Solicitor David Gauke has been named as lord chancellor and secretary of state for justice in a surprise element of the government reshuffle. He will be the sixth incumbent in the post in six years and, as the first ever solicitor in the role, breaks a run of four consecutive non-legally qualified lord chancellors.
Gauke was previously secretary of state for work and pensions. In the 2016 EU referendum he voted remain. He was born in 1971, educated at a state comprehensive in Ipswich, and read law at St Edmund Hall, Oxford University. He qualified as a solicitor in 1997 and worked for City firm Macfarlanes until his election as MP for South West Hertfordshire on 5 May 2005.
He replaces David Lidington MP who was moved to the Cabinet Office after barely six months in post.
In a statement tweeted by the Ministry of Justice following his appointment, Gauke said: 'I am looking forward to meeting experts and front line staff to drive the crucial work started by my predecessors, to reform our prisons and courts, uphold the rule of law and promote our world-leading legal services.’
The Law Society welcomed the appointment. 'We congratulate David Gauke on being appointed lord chancellor and secretary of state for justice,' Law Society president Joe Egan said.
He inherits the role at a time of challenge for the legal sector, Egan said, adding: 'Priorities include promoting access to justice, ensuring the viability of legal aid and delivering an effective court modernisation programme.

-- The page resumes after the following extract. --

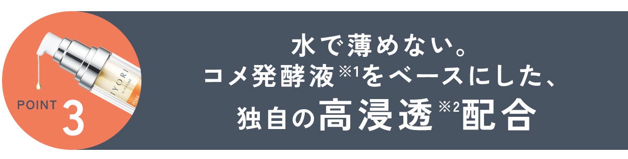 24時間365日、紫外線・乾燥・加齢など様々なダメージに晒される現代女性の肌悩みは、十人十色。「IYORI」は、プロ用コスメメーカーとして実績を積んだセフィーヌの皮膚理論・エビデンスに基づいた高機能スキンケアをコンセプトに、一人ひとりのお肌に向き合い、悩みから解放される喜びを実感していただける「I(自分)にYORI(より)そう」ブランドです。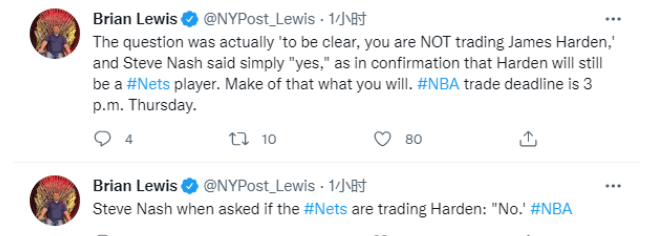 篮网和掘金对阵赛前,纳什回应关于哈登的交易流言,直言:篮网不会交易哈登;纳什还表示外界的交易流言都是76人制造的,他已经和哈登谈过,哈登想要留在篮网,而篮网也想哈登留下。

'In addition, the lord chancellor will be a prominent voice as we seek to gain the best possible deal for the UK legal sector in the government’s negotiations for a new relationship with the European Union post-Brexit.'
Chair of the bar, Andrew Walker QC, echoed the theme: 'We look forward to working with the new lord chancellor to ensure access to justice is available to all, to ensure that the system for securing the administration of justice is resourced properly and functioning effectively, and to achieve fair and sustainable public funding arrangements for advocacy and legal advice.
'Following significant cutbacks in the provision of legal aid over several years it is vital that the Ministry of Justice completes the thorough review of the Legal Aid, Sentencing and Punishment of Offenders Act to which it is already committed, to ensure that the public interest in the provision of high quality and efficient legal services is addressed.
'The global reputation of the UK’s legal services sector, which is underpinned by the independence of our judiciary, are hugely important national assets which must be defended. That is why is it is so important that the court transformation programme is managed well and addresses the needs of all stakeholders.'
Former justice minister Dominic Raab MP is to move sideways to the high profile job of minister of state for housing at the newly rebranded Ministry of Housing, Communities and Local Government. He has been replaced by Penrith MP Rory Stewart MP, who moves from the department for international development.
Prisons and probation minister Sam Gyimah has also departed the Ministry of Justice. Gyimah will take on the role of universities and science minister, replacing Jo Johnson.
Lucy Frazer, a barrister and MP for South East Cambridgeshire, has been appointed parliamentary under secretary of state at MoJ.